Mais Ursula et Stephan ne peuvent pas toujours aider. «Parfois, il s’agit simplement d’affronter la situation avec le patient, de s’efforcer de supporter l’insupportable avec lui. Même si nous ne pouvons pas résoudre les problèmes, nous sommes là, aujourd’hui, la semaine prochaine et la suivante.» Ils ont fait l’expérience que les choses pouvaient changer grâce à la confiance. Ce genre «d’attentisme» est un défi pour tous les deux. «Si le patient le souhaite, nous terminons souvent nos entretiens par une prière, qui devient une sorte de fourretout. Cela nous aide à accepter.» «Et ce qui m’aide beaucoup, c’est de savoir qu’ici au CSP, nous ne sommes qu’un maillon de la chaîne», souligne Ursula. «Il y a tellement de gens bien qui ont le cœur sur la main. Ensemble, nous accompagnons et nous portons les patients, et les voir heureux de rencontrer une soignante qu’ils apprécient particulièrement, ou quelqu’un du restaurant ou du service de transport, par exemple, nous réjouit toujours beaucoup.» Ursula et Stephan apprécient le fait que l’accompagnement spirituel au CSP soit considéré comme un élément essentiel de la rééducation globale.

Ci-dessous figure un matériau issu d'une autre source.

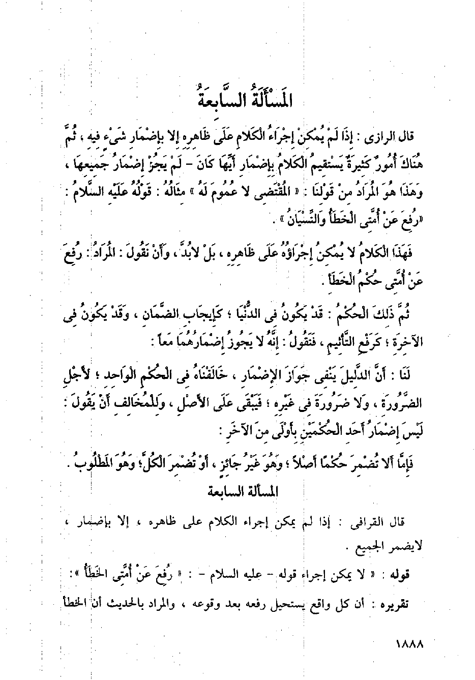 قال الرازي: إذا لم يمكن إجراء الكلام على ظاهرة إلا بإضمار شيء فيه، ثم هناك أمور كثيرة يستقيم الكلام بإضمار أيها كان لم يجز إضمار جميعها، وهذا هو المراد من قولنا: " المقتضى لا عموم له " مثاله: قوله عليه السلام: " رفع عن أمتي الخطأ والنسيان ".
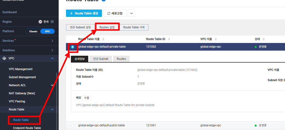 다음과 같이 VPC - Route Table - [Route Table] - Private Subnet(DB 서버가 올라갈 서브넷) 선택 - [Routes 설정]을 눌러줍니다.
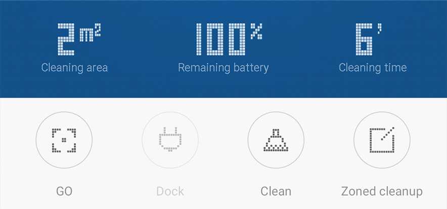 Для получения дополнительной информации используется бесплатная утилита Xiaomi Mi Home (доступна для Android и IOS). Программа позволяет определить уровень заряда батареи, свободный объем резервуара для пыли и остаточный ресурс фильтрующего элемента. Дополнительные разделы предназначены для подсчета пройденного при уборке расстояния, имеется счетчик затраченных на уборку калорий, возможен просмотр информации о площади убранного за 1 цикл помещения.
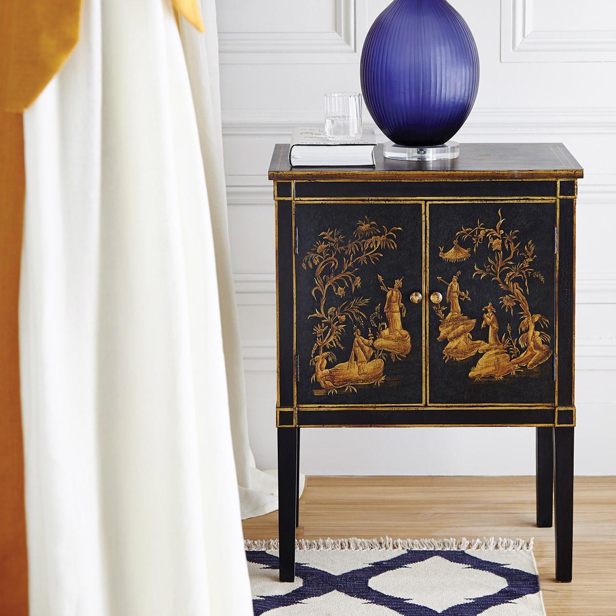 I love this chest of drawers for its striking black finish paired with intricate gold detailing, which gives it an elegant yet contemporary feel. It works well in both classic and modern interiors, especially those with Asian-inspired or eclectic accents. When styling, consider displaying minimal decorative items on top to let the design speak for itself, or pair it with soft textures like linen or velvet to create a sophisticated balance. Practical tips include using it for storage in living rooms or bedrooms, where its bold aesthetic can serve as a focal point, while its compact size ensures it stays versatile without overwhelming the space.
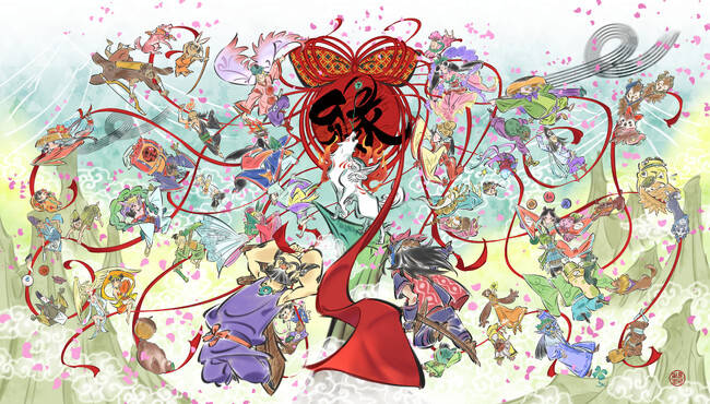 サイトを飾る20周年記念アートは『大神』でキャラクターデザイナーの1人として参加されたデザイナー 島崎麻里氏の描き下ろし。赤いリボンは『大神』のキャラクターたちと皆さまとの“縁”が表現されており、アマテラスを中心に『大神』の個性的なキャラクターたちが所狭しと並ぶアートとなっています。イラスト内にある”縁”の筆文字は『大神』のロゴをデザインされた書道家 成田眞澄氏に揮毫頂きました。

De temps en temps, ils vivent aussi des moments profonds et émouvants. Stephan se souvient de ce tétraplégique qui lui a montré, ravi et rayonnant de joie, qu’il pouvait à nouveau bouger très légèrement son doigt. Et Ursula a pu accorder la bénédiction du mariage à deux couples au cours des derniers mois. «Dans les deux cas, l’homme était mourant et, dans leur immense désespoir, les couples voulaient s’unir malgré tout. J’ai tout mis en place

Établir la confiance par le dialogue

très rapidement.» C’était extrêmement bouleversant, une journée de joie pour tout le monde. Ils n’ont bien sûr pas pu vaincre la mort, les deux patients sont décédés peu de temps après. «Mais la mort n’a pas eu le dernier mot. Ils lui ont arraché un fragment de vie et d’amour.»

Nos prêtre et pasteure du CSP construisent des ponts avec les patients et les aident, dans la limite de leurs possibilités, à remettre leur navire sur la bonne voie.